──────── Data shown

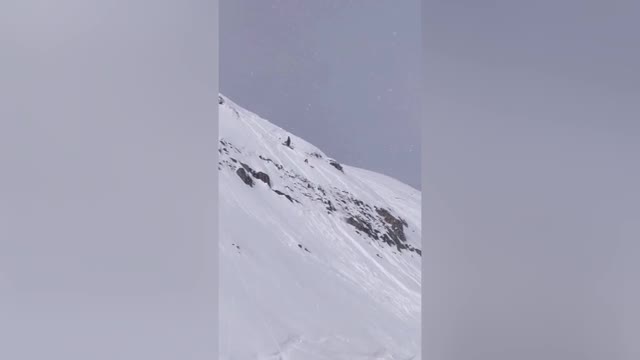 Footage shows the woman edging down the snow-covered terrain before plunging violently across the slope in the Xinjiang Uyghur Autonomous Region, China. 2026-03-12 13:21:55
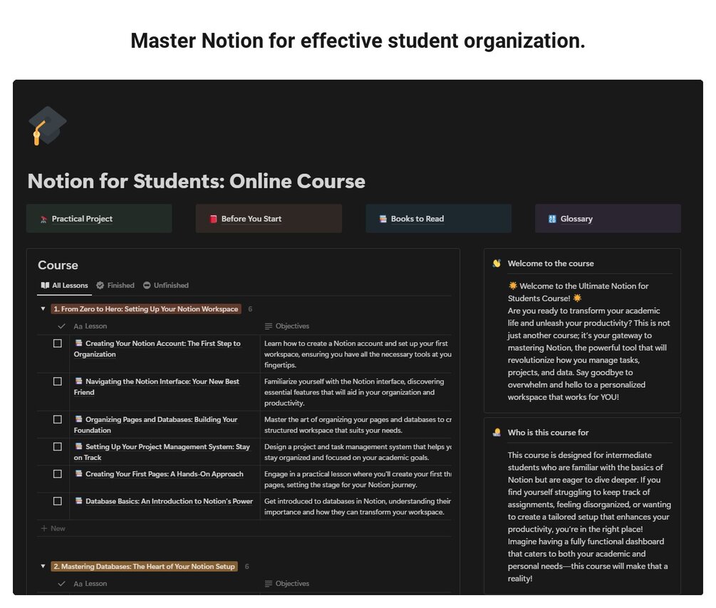 This course is tailored for students who already have a basic understanding of Notion and are eager to deepen their knowledge. If you're looking to create a personalized workspace that caters to your academic and personal needs, this course is perfect for you!
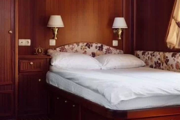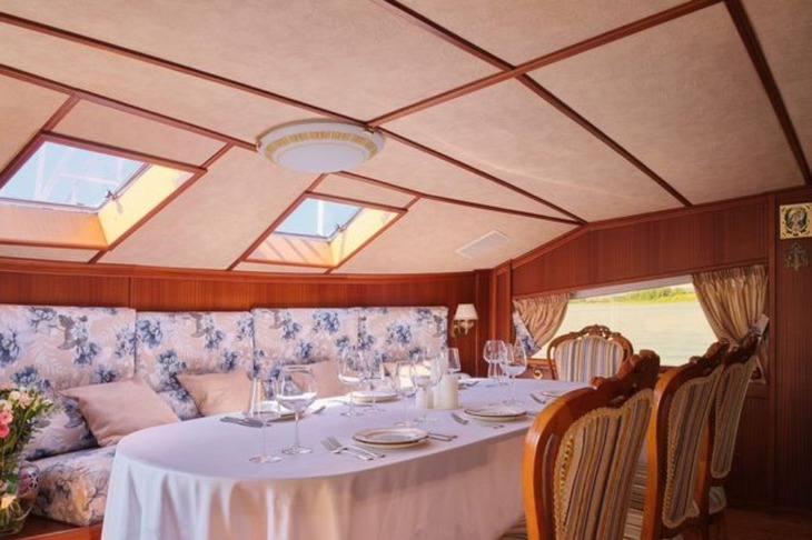 Теплоход длиной почти 30 метров и шириной более пяти метров рассчитан на комфортное размещение группы до 14 человек — на борту обустроены шесть кают. Для пассажиров есть открытая палуба с обеденной зоной под навесом, а также сауна.

────────────────

* _Exercise details_
Output the data above in full and exactly, with every image left out.

* _Solution to this exercise_
 Footage shows the woman edging down the snow-covered terrain before plunging violently across the slope in the Xinjiang Uyghur Autonomous Region, China. 2026-03-12 13:21:55
 This course is tailored for students who already have a basic understanding of Notion and are eager to deepen their knowledge. If you're looking to create a personalized workspace that caters to your academic and personal needs, this course is perfect for you!
 Теплоход длиной почти 30 метров и шириной более пяти метров рассчитан на комфортное размещение группы до 14 человек — на борту обустроены шесть кают. Для пассажиров есть открытая палуба с обеденной зоной под навесом, а также сауна.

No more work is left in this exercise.